Back in March, when the novel coronavirus was spreading and local and state governments were issuing stay-home orders, we published a blog post on Civil Authority Orders and COVID-19 Coverage. Since that time, there have been over 125 lawsuits filed by insured businesses, many of them arguing that the economic damages caused by these COVID-19 governmental orders, by themselves, trigger coverage under business interruption-type provisions of property policies. The argument goes that because the civil orders restricted operations or forced businesses to close, the insurance policies should pay regardless of whether there is actual physical damage to property.

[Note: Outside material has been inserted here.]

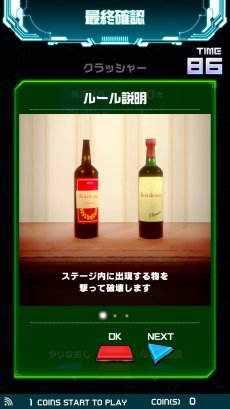 画面に表示されるボトルやグラスなど,壊れるターゲットをどんどん壊してクリア時間を競うモード。すべて壊すと次の画面が表示される。ターゲットには複数が積まれた状態のものもあって,撃ち方次第では一気に両方壊せるといった戦略性もある。ターゲットが壊れるエフェクトや音が激しいので,ギャラリーウケするモードかもしれない。推奨BB弾数は約100発だ。

In this blog post, we take a further look into civil authority order provisions and whether the order alone is a sufficient trigger of coverage. As has been said previously, the specific facts of the alleged loss and the actual words of the individual policy may affect whether coverage exists.
Many business and property insurance policies contain a civil authority coverage provision. Under the most common policy language, this coverage applies when a civil authority (e.g., state, local or federal governmental entity) prohibits or restricts access to an insured’s premises due to direct physical loss of or damage to property other than at the insured’s premises, from a covered cause of loss.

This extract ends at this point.